::: INPUT FOR THIS TASK

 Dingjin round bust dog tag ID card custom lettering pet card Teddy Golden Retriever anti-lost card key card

::::::
::: INPUT FOR THIS TASK

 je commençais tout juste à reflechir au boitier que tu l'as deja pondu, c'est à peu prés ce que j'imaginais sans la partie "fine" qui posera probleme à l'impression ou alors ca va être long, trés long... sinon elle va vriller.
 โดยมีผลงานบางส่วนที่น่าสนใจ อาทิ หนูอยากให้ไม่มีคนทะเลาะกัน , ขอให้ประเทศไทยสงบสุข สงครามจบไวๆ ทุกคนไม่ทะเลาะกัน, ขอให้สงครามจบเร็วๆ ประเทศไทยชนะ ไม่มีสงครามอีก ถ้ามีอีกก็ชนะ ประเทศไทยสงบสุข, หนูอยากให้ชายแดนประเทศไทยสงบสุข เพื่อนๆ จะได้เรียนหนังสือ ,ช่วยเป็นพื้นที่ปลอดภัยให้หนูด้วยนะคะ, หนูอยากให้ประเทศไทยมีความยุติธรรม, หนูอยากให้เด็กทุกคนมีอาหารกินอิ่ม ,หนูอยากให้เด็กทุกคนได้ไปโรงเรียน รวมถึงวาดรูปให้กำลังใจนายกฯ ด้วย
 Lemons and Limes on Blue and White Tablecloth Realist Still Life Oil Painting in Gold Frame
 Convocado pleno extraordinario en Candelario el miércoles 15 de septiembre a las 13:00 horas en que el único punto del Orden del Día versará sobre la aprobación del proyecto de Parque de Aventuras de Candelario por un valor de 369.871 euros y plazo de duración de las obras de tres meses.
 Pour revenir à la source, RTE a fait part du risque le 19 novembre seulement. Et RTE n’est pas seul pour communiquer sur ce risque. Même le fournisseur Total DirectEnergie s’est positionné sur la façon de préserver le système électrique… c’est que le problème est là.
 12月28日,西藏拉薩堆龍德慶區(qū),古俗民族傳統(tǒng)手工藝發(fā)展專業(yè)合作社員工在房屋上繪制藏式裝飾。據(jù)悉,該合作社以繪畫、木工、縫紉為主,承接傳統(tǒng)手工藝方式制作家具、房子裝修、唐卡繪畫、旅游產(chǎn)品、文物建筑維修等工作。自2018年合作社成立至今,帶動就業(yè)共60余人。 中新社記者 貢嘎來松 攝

::::::

DIRECTIONS: Set down, from the entries above, exactly the lines from the one with "je commençais tout" up to and including the one with "Lemons and Limes", and no other lines.

SOLUTION FOR THIS PROBLEM:
 je commençais tout juste à reflechir au boitier que tu l'as deja pondu, c'est à peu prés ce que j'imaginais sans la partie "fine" qui posera probleme à l'impression ou alors ca va être long, trés long... sinon elle va vriller.
 โดยมีผลงานบางส่วนที่น่าสนใจ อาทิ หนูอยากให้ไม่มีคนทะเลาะกัน , ขอให้ประเทศไทยสงบสุข สงครามจบไวๆ ทุกคนไม่ทะเลาะกัน, ขอให้สงครามจบเร็วๆ ประเทศไทยชนะ ไม่มีสงครามอีก ถ้ามีอีกก็ชนะ ประเทศไทยสงบสุข, หนูอยากให้ชายแดนประเทศไทยสงบสุข เพื่อนๆ จะได้เรียนหนังสือ ,ช่วยเป็นพื้นที่ปลอดภัยให้หนูด้วยนะคะ, หนูอยากให้ประเทศไทยมีความยุติธรรม, หนูอยากให้เด็กทุกคนมีอาหารกินอิ่ม ,หนูอยากให้เด็กทุกคนได้ไปโรงเรียน รวมถึงวาดรูปให้กำลังใจนายกฯ ด้วย
 Lemons and Limes on Blue and White Tablecloth Realist Still Life Oil Painting in Gold Frame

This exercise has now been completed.